This is a collection of pointers to datasets/tasks/benchmarks pertaining to the intersection of machine learning and law.
This page is continually being updated. If I missed something, please contact me at nguha@stanford.edu and I'll add it!
Neel Guha
These datasets can be used for pretraining larger models. Alternatively, you cause them to construct artificial tasks.
- Caselaw Access Project: all official, book-published United States case law.
- Legifrance: a French legal publisher providing access to law codes and legal decisions. Requires scraping (Paper).
- US Supreme Court Database: information about every case decided by the US Supreme Court between 1791 and today.
- European Parliment Proceedings: Parallel text of the proceedings of the European Parliment, collected in 11 languages.
- US Code: downloadable version of the US Code in XML format
- Patent Litigation Docket Reports: detailed patent litigation data on over 80k unique district court cases
- Pile of Law: a 256GB dataset of legal, administrative, and contractual texts.
- Open Australian Legal Corpus: The first and only multijurisdictional open corpus of Australian legislative and judicial documents.
- LexGlue: a GLUE inspired set of legal tasks
- LegalBench: a large language model benchmark for legal reasoning
Training a model to predict the outcome of a case from various case specific features.
- European Court of Human Rights: 11.5k cases from ECHR's public database. Paper.
Training a model to annotate sentences/clauses/sections in a contract (or other document) according to various criteria (e.g. unfairness, argument structure, etc).
- Detecting unfair clauses from online terms-of-service: ~12k sentences from 50 terms-of-service agreements. Paper.
- Usable Privacy Project Data: a collection of datasets for privacy policies, including OPP-115, APP-350, MAPS, and the ACL/COLING 2014 Dataset.
- Contract extraction dataset: 3,500 English contracts manually annotated with 11 different contract elements. Paper.
- EURLEX with EUROVOC annotations: 57k legilsative documents from the EU's public document database, annotated with concepts from EUROVOC. Paper.
- Cornell eRulemaking Corpus: Collection of 731 user comments on the the Consumer Debt Collection Practices rule by the CFPB, with annotations containing information about argument structure. Paper.
- German rental agreements (in English): ~913 sentences from German rental agreements annotated by semantic type. Paper.
- Segmenting US court decision opinions into issue parts: 316 court decisions on cyber crime and trade secrets, manually segmented into 6 content based "types" (encompassing categories like "Introduction", "Dissent", or "Background"). Paper
- ContractNLI: A Dataset for Document-level Natural Language Inference for Contracts
Training a model to summarize complex contractual jargon or legal analysis.
- Summarizing contracts into plain english: 446 contracts with parallel plain-text section-level English summaries. Paper.
- Cookie policies from 151 companies: User agreements for 151 services with sections annotated by TOS;DR. Paper.
- Australian case citation summarization: 4000 cases from the Federal Court of Australia with citation-based summaries.
- Board of Veterans' Appeals Case Summarization: Summarizing BVA cases concerning PTSD. Paper.
- Multi-LexSum: Summarizing civil rights opinions at different granularities!
- EUR-Lex-Sum: Dataset for cross-lingual summarization based on manually curated document summaries of legal acts from the European Union law platform.
Training a model to answer questions or to identify passages from a target document that are relevant to a specified query.
- Linking Supreme Court Opinions to the US Constitution: 36k paragraphs from USC opinions with 41k links to the US Constitution. Paper.
- StAtutory Reasoning Assessment (SARA): Collection of rules extracted from US Internal Revenue Code and natural language questions requiring application of those rules.
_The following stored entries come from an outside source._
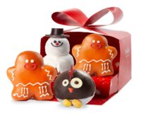 Vegan Gingerman, hecho de masa de berlina Boldú glaseado, y decorado con chocolate blanco vegano navideño. Sin relleno.
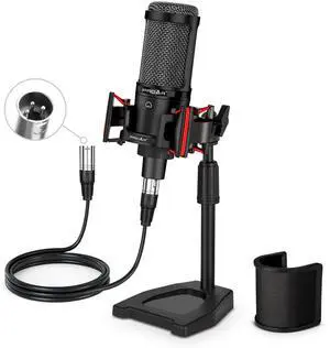 XLR Podcast Microphone Professional Cardioid Condenser Microphone for PC Computer Studio XLR Mic Kit for Recording/Podcasting/Streaming/Voice Over/ASMR/Home Studio/YouTube with Desktop Stand
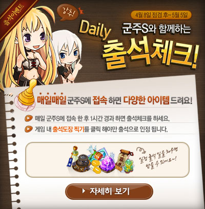 매일매일 군주스페셜에 접속하면 다양한 행운이 쏟아지는 이번 이벤트는 접속 후 1시간이 지나면 게임화면에 생성된 ‘출석확인’버튼을 클릭해 출석을 체크할 수 있으며 달성 일마다 다양한 보상을 받을 수 있다.
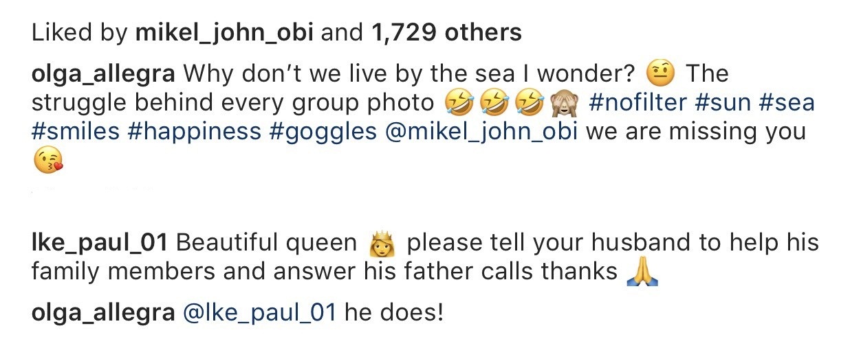 Olga, the Russian girlfriend of Nigerian footballer, Mikel Obi and mother of his twin daughters, has taken to his Instagram page to reply a man asking her to plead with Mikel to help his family.
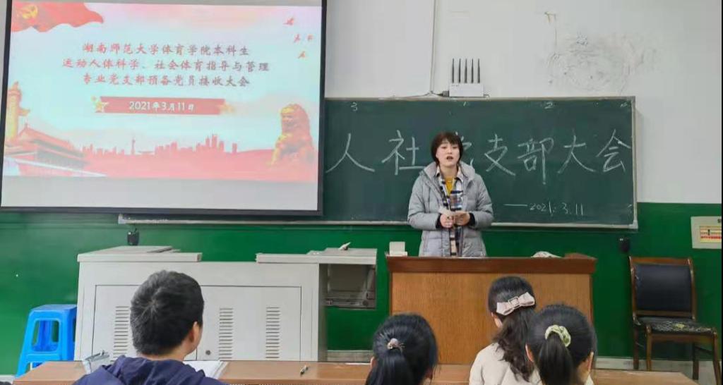 (通讯员 彭美 刘娟)2021年3月11日中午,英国365集团本科生人体社体党支部在鸿健楼305教室召开人体社体党支部接收预备党员会议。出席此次会议的有支部全体成员、需要发言的发展对象及其介绍人,此次会议由党员谭燕蓉主持。
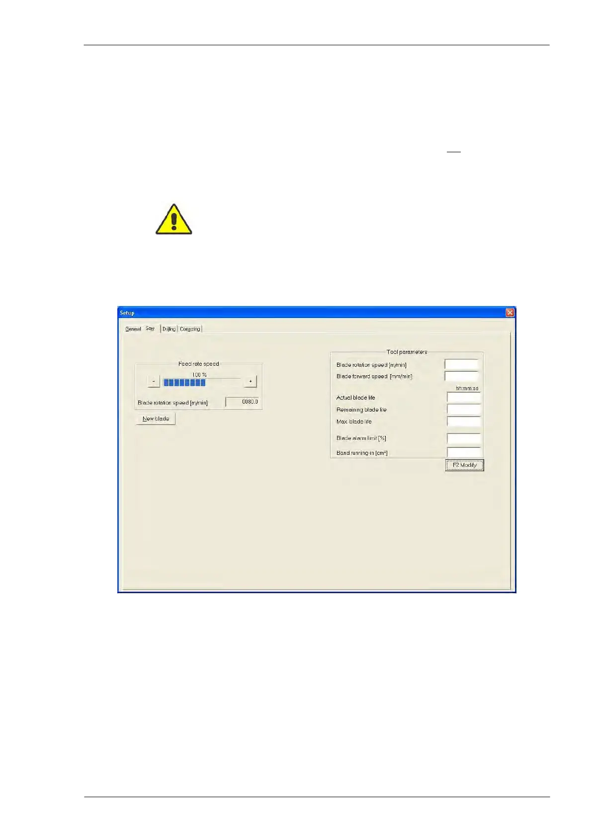Cutting operation setup window
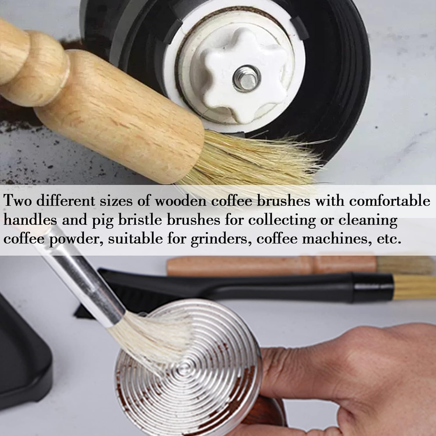 - Two coffee brushes with wooden handles in different sizes, natural boar bristle brush head is used to collect or clean coffee powder, suitable for use in dry environment, please note that using in water will reduce the service life
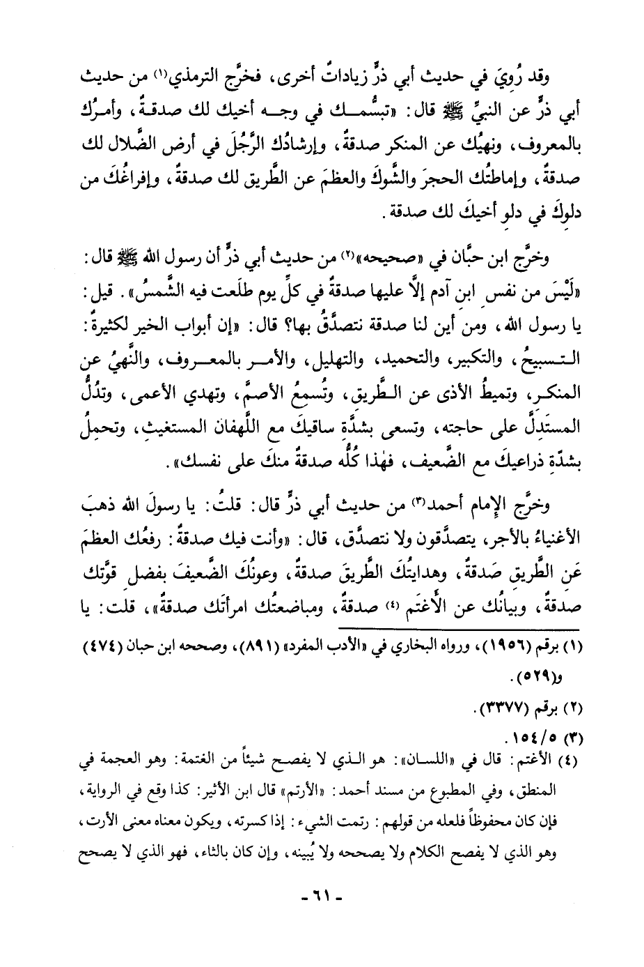 وَقَدْ رُوِيَ فِي حَدِيثِ أَبِي ذَرٍّ زِيَادَاتٌ أُخْرَى، فَخَرَّجَ التِّرْمِذِيُّ مِنْ حَدِيثِ أَبِي ذَرٍّ عَنِ النَّبِيِّ صَلَّى اللَّهُ عَلَيْهِ وَسَلَّمَ قَالَ: " «تَبَسُّمُكَ فِي وَجْهِ أَخِيكَ لَكَ صَدَقَةٌ، وَأَمْرُكَ بِالْمَعْرُوفِ، وَنَهْيُكَ عَنِ الْمُنْكَرِ صَدَقَةٌ، وَإِرْشَادُكَ الرَّجُلَ فِي أَرْضِ الضَّلَالِ لَكَ صَدَقَةٌ، وَإِمَاطَتُكَ الْحَجَرَ وَالشَّوْكَ وَالْعَظْمَ عَنِ الطَّرِيقِ لَكَ صَدَقَةٌ، وَإِفْرَاغُكَ مِنْ دَلْوِكَ فِي دَلْوِ أَخِيكَ لَكَ صَدَقَةٌ» ". وَخَرَّجَ ابْنُ حِبَّانَ فِي " صَحِيحِهِ " مِنْ حَدِيثِ أَبِي ذَرٍّ أَنَّ رَسُولَ اللَّهِ صَلَّى اللَّهُ عَلَيْهِ وَسَلَّمَ قَالَ: «لَيْسَ مِنْ نَفْسِ ابْنِ آدَمَ إِلَّا عَلَيْهَا صَدَقَةٌ فِي كُلِّ يَوْمٍ طَلَعَتْ فِيهِ الشَّمْسُ قِيلَ: يَا رَسُولَ اللَّهِ، وَمِنْ أَيْنَ لَنَا صَدَقَةٌ نَتَصَدَّقُ بِهَا؟ قَالَ: إِنَّ أَبْوَابَ الْجَنَّةِ لَكَثِيرَةٌ: التَّسْبِيحُ، وَالتَّكْبِيرُ، وَالتَّحْمِيدُ، وَالْأَمْرُ بِالْمَعْرُوفِ، وَالنَّهْيُ عَنِ الْمُنْكَرِ، وَتُمِيطُ الْأَذَى عَنِ الطَّرِيقِ، وَتُسْمِعُ الْأَصَمَّ، وَتَهْدِي الْأَعْمَى، وَتَدُلُّ الْمُسْتَدِلَّ عَلَى حَاجَتِهِ، وَتَسْعَى بِشِدَّةِ سَاقَيْكَ مَعَ اللَّهْفَانِ الْمُسْتَغِيثِ، وَتَحْمِلُ بِشِدَّةِ ذِرَاعَيْكَ مَعَ الضَّعِيفِ، فَهَذَا كُلُّهُ صَدَقَةٌ مِنْكَ عَلَى نَفْسِكَ» . وَخَرَّجَ الْإِمَامُ أَحْمَدُ مِنْ حَدِيثِ أَبِي ذَرٍّ قَالَ: «قُلْتُ: يَا رَسُولَ اللَّهِ ذَهَبَ الْأَغْنِيَاءُ بِالْأَجْرِ، يَتَصَدَّقُونَ وَلَا نَتَصَدَّقُ، قَالَ: " وَأَنْتَ فِيكَ صَدَقَةٌ: رَفْعُكَ الْعَظْمَ عَنِ الطَّرِيقِ صَدَقَةٌ، وَهِدَايَتُكَ الطَّرِيقَ صَدَقَةٌ، وَعَوْنُكُ الضَّعِيفَ بِفَضْلِ قُوَّتِكَ صَدَقَةٌ، وَبَيَانُكَ عَنِ الْأَغْتَمِ صَدَقَةٌ، وَمُبَاضَعَتُكَ امْرَأَتَكَ صَدَقَةٌ "، قُلْتُ: يَا
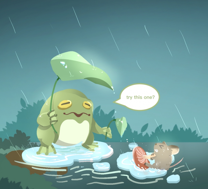 In response to the theme of Object Oriented Ontology, I created an illustration in cartoon style by Studio Paint. By showing the frog uses a leaf and the mouse uses a mushroom as umbrellas, I showed that without human use, the object would be a useful tool for animals. Similar work has been produced by Bill Mayer, who draws the animals as protagonists, using natural props to perform human actions.
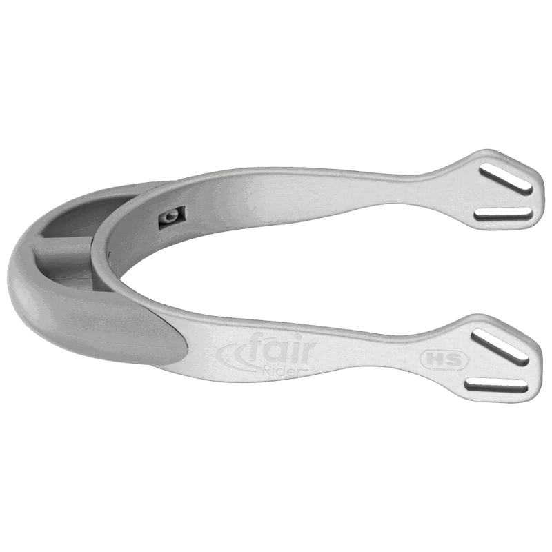 The Herm Sprenger FairRider Spurs – 20mm Rounded Neck, Silver Aluminum with Silver Neck are designed for gentle, effective communication with sensitive horses or those new to spurs.
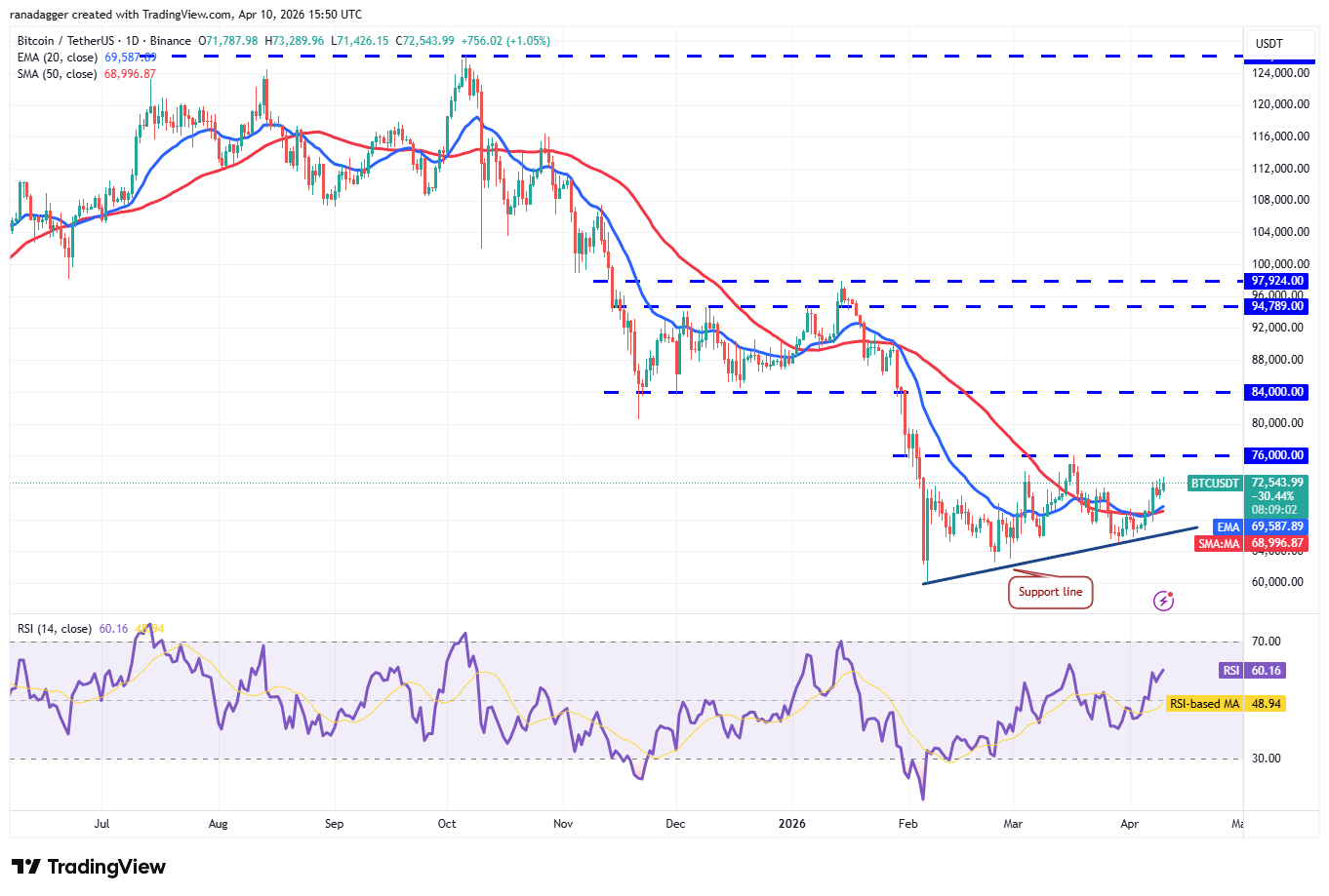 对多头有利的一点是,20 日指数移动平均线已开始掉头向上,相对强弱指数也进入了正值区域。这增加了反弹至 76,000 美元阻力的可能性。
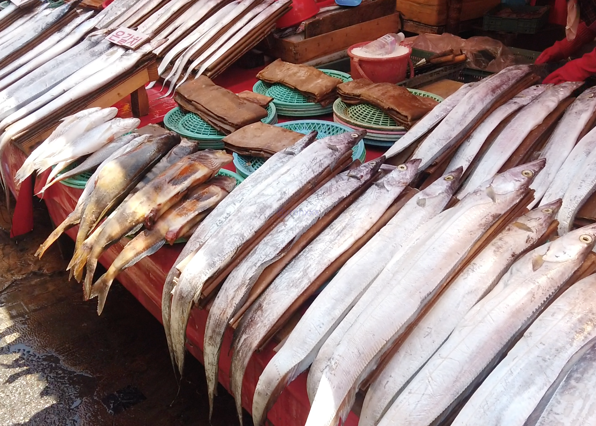 11:30にチャガルチ駅到着。市場までは徒歩5分。太刀魚やタコ、大きなカニが並ぶ様子に娘も大喜び。5月初めですが気温が高く、かなり暑い中での散策になりました。
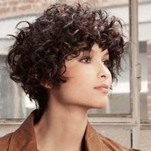 Wanita dengan keriting pendek boleh memberi perhatian kepada pilihan yang paling bergaya dan berjaya untuk potongan rambut.

Paper.
- PrivacyQA: 1750 questions on mobile application privacy policies and 3500 relevant expert annotations. Paper
- CaseHOLD: 53,000+ MC questions that require identifying the correct holding for a case citation from the preceeding context. Paper
- LegalSupport: inferring BlueBook support signals from legal texts
Training a model to classify a (typically lengthy) legal filing or document.
- EDGAR: Online public database for US Securities and Exchange Commission. Filings can be classified by filing type. Paper.
Datasets which don't fit into the above categories:
- Segmenting sentences in US cases: ~26k sentences from 80 cases. Paper.
- Demosthenes Corpus for argument mining in legal documents.